Eagleton writes, ‘Much of Ainsley’s electoral strategy was formulated in her book. In it, she provides an account of the decline of social democratic parties in the Global North following the displacement of the industrial proletariat by a ‘more disparate, more atomized’ working class, and propose a route back to power.’
And –
‘First, writes Ainsley, progressives must accept that ‘class warfare is dead as a narrative, as it doesn’t resonate for people’: nor does ‘an ideological view of the state’, focused on issues like privatisation or democratisation. Instead of clinging to these passe perspectives, parties should ‘start with what the public think.’
Writes Ainsley, ’These are values that are deeply ingrained in British society and that cut across class that all politicians would do well to understand. Basically, parties should move closer to where the public is, rather than expect the public to come to them.’

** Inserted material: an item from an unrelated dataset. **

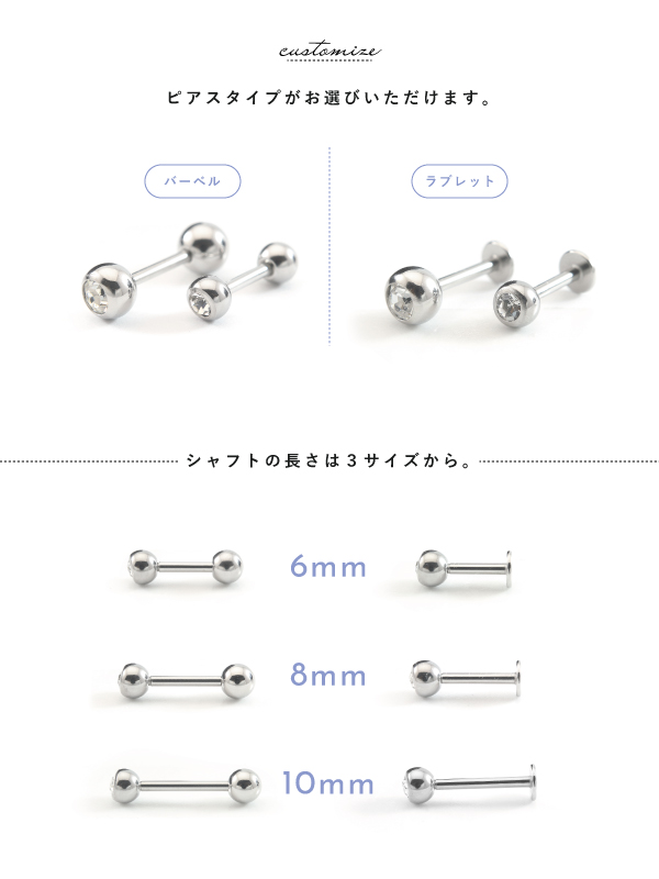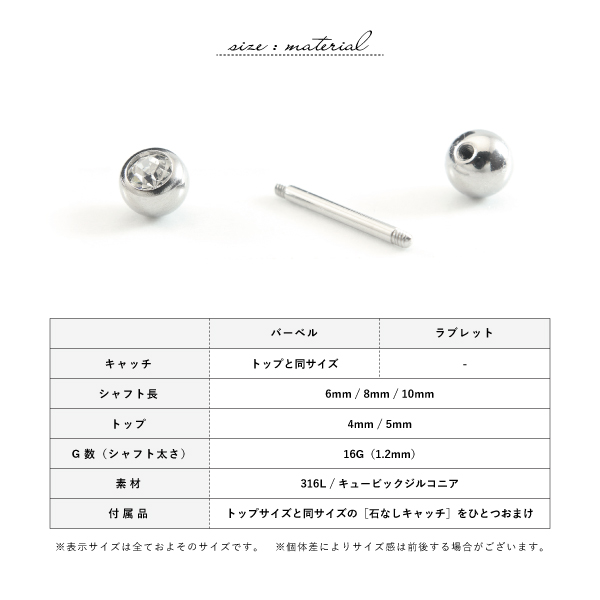 [おまけキャッチ付き] バーベル つけっぱなし ステンレス サージカルステンレス 医療用ステンレス 金属アレルギー アレルギーフリー 316L ボディピアス 16G ジュエル 石付き カスタム メンズ レディース シンプル ファーストピアス
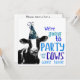 Uma vaca preta e branca, usando um chapéu de festa, informando que pretende festejar até que as vacas voltem para casa! Este é o convite perfeito para qualquer encontro no campo.

In short, what this political Spice Girl really means is – Tell us what you want, what you really, really want. Tell us how to think and we will make it happen. Get rid of all foreigners? Tell me what you want, what you really, really want. Rootless cosmopolitans are ruining your lives? Yes, well. A bit over the top but yes, you have a point. We see what you mean and if that’s what you really, really want. Tell us!’
In her book, Ainsley cites a survey from early 2015 in which a sample group of 1,771 people were shown a list of twenty-eight different values and asked to pick their favourites.

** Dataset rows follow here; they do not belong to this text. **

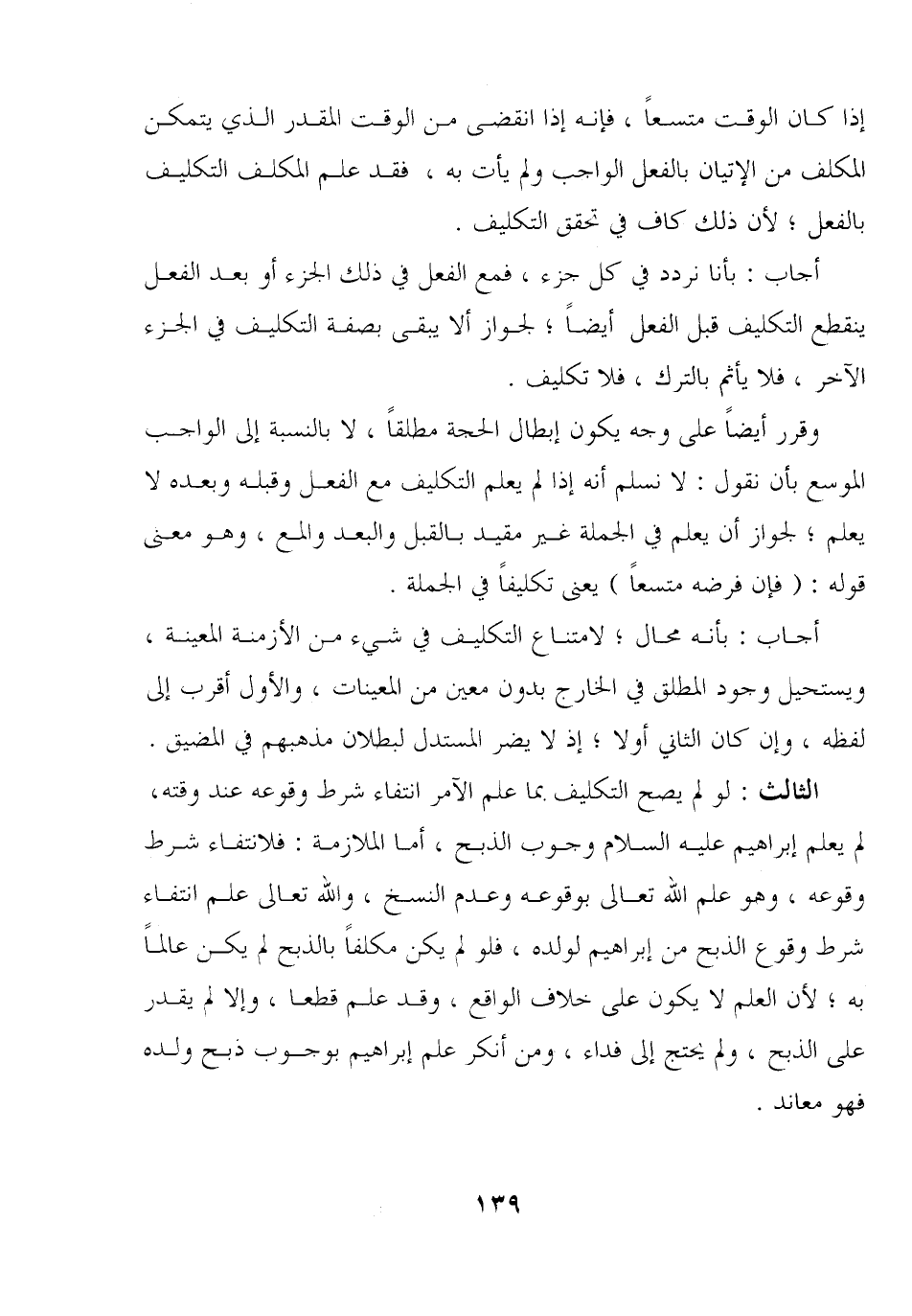 الثالث: لو لم يصح التكليف بما علم الآمر انتفاء شرط وقوعه عند وقته, لم يعلم إبراهيم عليه السلام وجوب الذبح, أما الملازمة: فلانتفاء شرط وقوعه, وهو علم الله تعالى بوقوعه وعدم النسخ, والله تعالى علم انتفاء شرط وقوع الذبح من إبراهيم لولده, فلو لم يكن مكلفًا بالذبح لم يكن عالمًا به؛ لأن العلم لا يكون على خلاف الواقع, وقد علم قطعا, وإلا لم يقدر على الذبح, ولم يحتج إلى فداء, ومن أنكر علم إبراهيم بوجوب ذبح ولده فهو معاند.
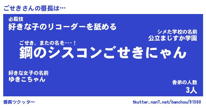 | 意味不明あだ名 | 『ペロリンごせき』『ごせきフォーエバー』 |
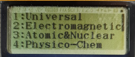 1. al menù SHIFT + 7 si trovano le costanti della fisica, ad es.:
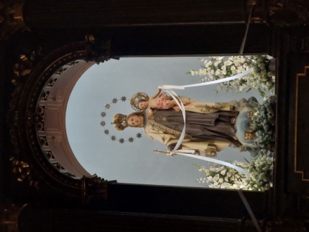sobre el que se dispone una hornacina con el Niño Jesús de Praga en la

Keir Starmer in the Emperor’s box at a Labour Party circus . . .
. . . thumbs up for Blue Labour but thumbs down for Corbyn’s brand of socialism
Writes Eagleton, ’The data showed that family hard work, fairness and decency were the most popular. Therefore, she concludes, the way to resuscitate social democracy is simple. Parties must develop harmonies with their ‘core values.’ If the centre left is seen as aloof, this impression can be remedied by activating the ‘moral foundation’ of the electorate. If the working class is atomised, it can be re-united by an organisation that understands these ethical imperatives.’
Winning words to persuade working class voters in the Red Wall constituencies?

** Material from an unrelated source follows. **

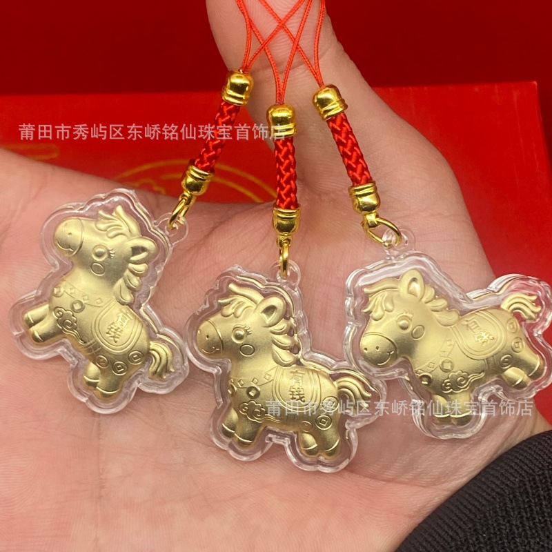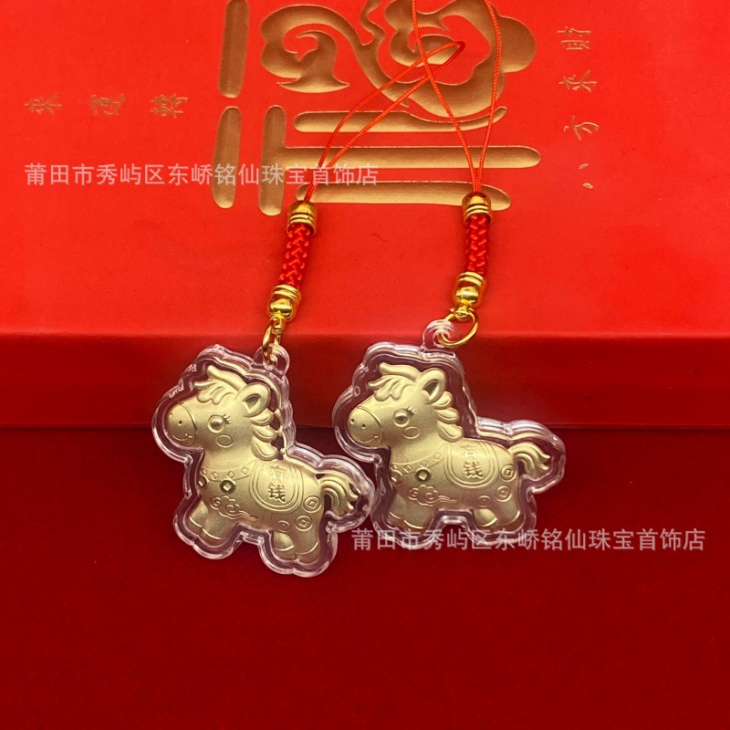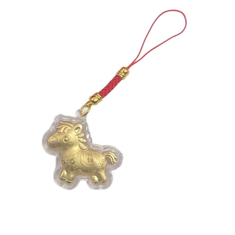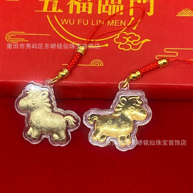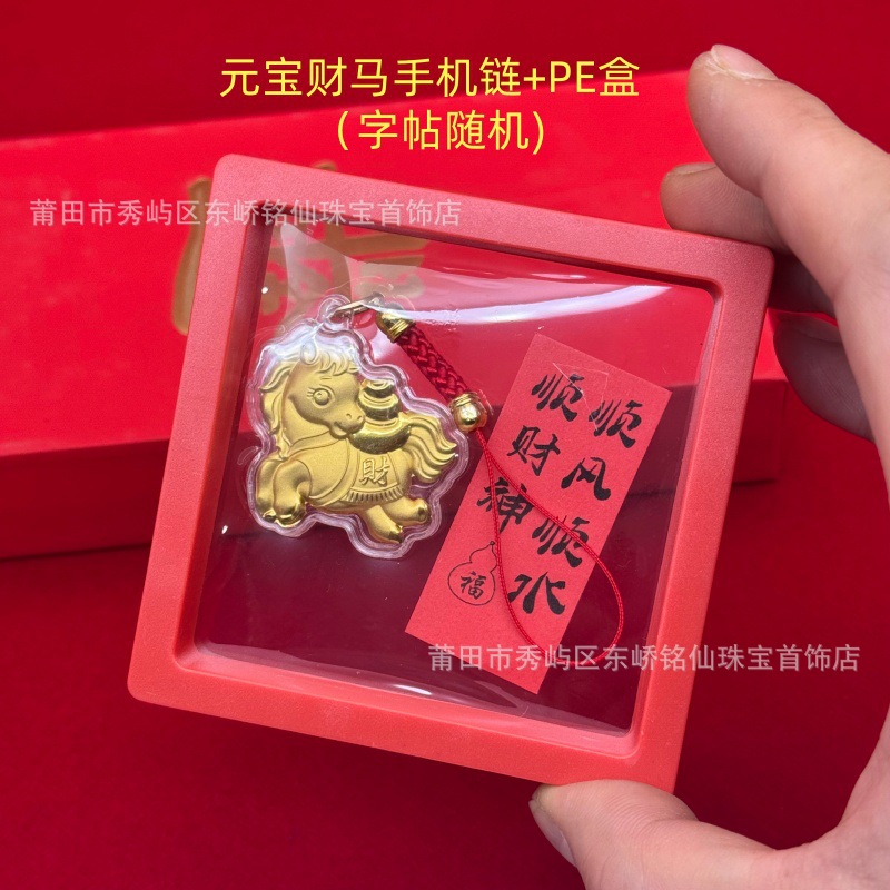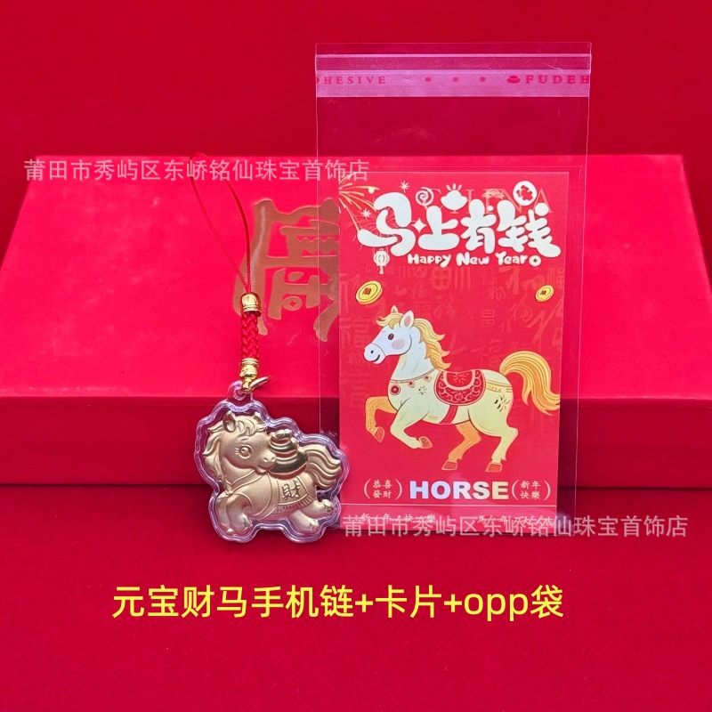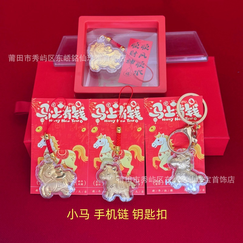 2026年马年马上有钱卡通Q版金箔小马手机链挂饰活动引流礼品批发

Hannah Arendt knew a thing or two about what happens when catchy slogans replace meaningful policy. She wrote over seventy years ago in her seminal work ‘The Origins of Totalitarianism’ that people get to breaking point when they see more and more wealth flowing into fewer and fewer utterly useless hands.
She wrote – ‘Persecution of powerless or power-losing groups may not be a very pleasant spectacle, but it does not spring from human meanness alone. What makes men obey or tolerate real power and, on the other hand, hate people who have wealth without power, is the rational instinct that power has a certain function and is of some general use. Only wealth without power or aloofness without a policy are felt to be parasitical, useless, revolting because such conditions cut all the threads which hold men together.’
Aloofness without a policy – four words that sum-up the Conservatives under Boris Johnson, Lis Truss and now Dishy Rishi.
And now Blue Labour under Sir Keir?
Towards the end of this book, I had to smile and thought – Well, if Claire Ainsley gets the push, she could always get a job as a Conservative Party speech-writer.
Were that to happen, working-class voters should put on blue shirts with red ties and whistle a happy tune as Brian was told to do in the Monty Python film.
The message coming down your way soon will be – Relax, learn your place, stand on the shore and wave goodbye to the good ship New Jerusalem, steered by a sad old man remembered by a few funny old -time socialists who supported the Captain Ahab of British socialism, now on his way to another ocean without a harpoon where on stormy and life-threatening waters even the most dangerous of whales has turned friendly and blue.